In short, providing the key numbers for Marketing contribution to the business is what many business leaders look for. But shedding more light on the work and the people that lead to these numbers is important to building cultures that attract and retain great talent. Documenting monetary values associated with tactics, learnings and actions are essential building blocks to not only telling that deeper story, but also to building that culture.
When a myriad of tasks are being done amidst an ever-evolving backdrop of external factors that can influence minds, traffic volumes and engagement levels, it’s no easy feat to pinpoint what each of your Marketing tactics are yielding in terms of concrete business value. But piecing together data-backed estimates by documenting the values of actions that are being taken on specific learnings is important.
Why? How does taking the time to document actions and associated values help?
1 – More clarity on the best levers to success
Winning data-informed Marketing organizations have more clarity on what activities and tasks to prioritize when the estimated monetary values that are associated with specific quant and qual insights are documented. These insight-driven actions and associated values can be recorded in platforms like Datatinga™ or other general workflow and collaboration platforms. Values can be added when actions are taken and/or when the implementations have been analyzed over time. The more discreet actions that are taken – e.g. when learnings are implemented in different user flows or campaigns – the more value can be added to that particular insight.
2 – Better illustration of Marketing work that contributes to the business
Often times, the C-suite is focused on the big picture and what the numbers look like in terms of contributions to the various milestones in the sales pipeline. Fair enough. But what does peeling off the shiny veneer do in terms of understanding contributions to the business?
Understanding the work that contributes to the numbers not only helps to prioritize what resources focus on in the future, but it reveals a level of detail that can help Marketing leadership reveal more concrete examples of what their team is doing to enable the numbers in the executive dashboards.

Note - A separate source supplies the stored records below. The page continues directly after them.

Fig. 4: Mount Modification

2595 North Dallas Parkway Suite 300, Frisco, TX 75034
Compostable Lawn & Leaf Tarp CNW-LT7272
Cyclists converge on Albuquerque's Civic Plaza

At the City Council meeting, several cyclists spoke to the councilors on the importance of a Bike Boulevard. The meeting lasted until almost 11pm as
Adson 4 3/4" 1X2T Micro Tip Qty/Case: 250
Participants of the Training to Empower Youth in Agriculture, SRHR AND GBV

3 – Illuminate the people behind the work
Digging behind the executive scoreboard also reveals the rock star people behind the Marketing contribution numbers.

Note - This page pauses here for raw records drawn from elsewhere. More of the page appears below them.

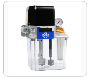
SureFire II with Controller
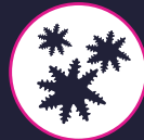
Crown-of- thorns starfish outbreaks
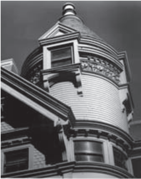
Haas-Lilienthal House

—In the more than 30 years Heritage has held the property, the Haas-Lilienthal House has been both a great resource for the organization and a great responsibility.

What tactics were really valuable? Who surfaced those ideas? Who created those customer experiences? Who is documenting those tactics and how were those tactics proven to be successful? Who is taking action on the learnings so that more business value can be extracted from them?

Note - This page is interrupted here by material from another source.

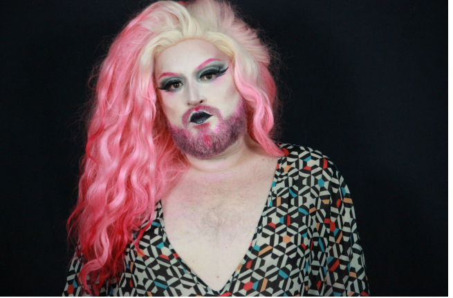
Above left: Noa Fodrie (Boulder, Colorado), Transitionary Period (detail), 2018, acrylic on canvas. 30" x 40". Above right: Louis Trujillo (Aurora, Colorado), Art is a Drag (detail), 2023, digital c-print. Images courtesy of the artists.

When these answers are recorded and – just even more important – revealed across people and teams, this becomes more than a numbers story. It becomes a people story. With people stories, come recognition, celebration – and yes, motivation. Because let’s face it – who does not want to be recognized and celebrated for great work. When we see colleagues praised and celebrated, it normal to rev up our own internal motors.
4 – Build a cultures that everyone wants to be around
The recognition of great work fuels the very behaviors that, in turn, build prevailing mindsets. This is what forms cultures. Adding monetary value to actions that are being taken on data and insights helps to build a culture focused on outcomes. Future ideas and actions can and should more naturally start with the question of how can this idea translate into more sales, leads, subscriptions, engagement? – whatever those key activities are that drive your organization forward.
To take this one step further, people gravitate to positive, winning cultures. Companies that exhibit these cultures retain top talent more easily. As the pandemic has put people in mental spaces that cater to “looking around” more, these “culture” attributes of organizations are becoming more important than ever before.
Conclusion
These simple pauses in day-to-day work execution to record what is being done, what is being proven through hard data – and last but definitely not least, what is being done based on that data – has profound consequences.
The people and culture impact has a stronger chance to take hold, when the values that are expressed from the work are in monetary terms. This is what engages the C-suite, and conversely, the C-suite is central to the development of loyal people and a lasting culture.
When it comes to documenting great tactics, work and the people behind it all, put your money where your mouth is.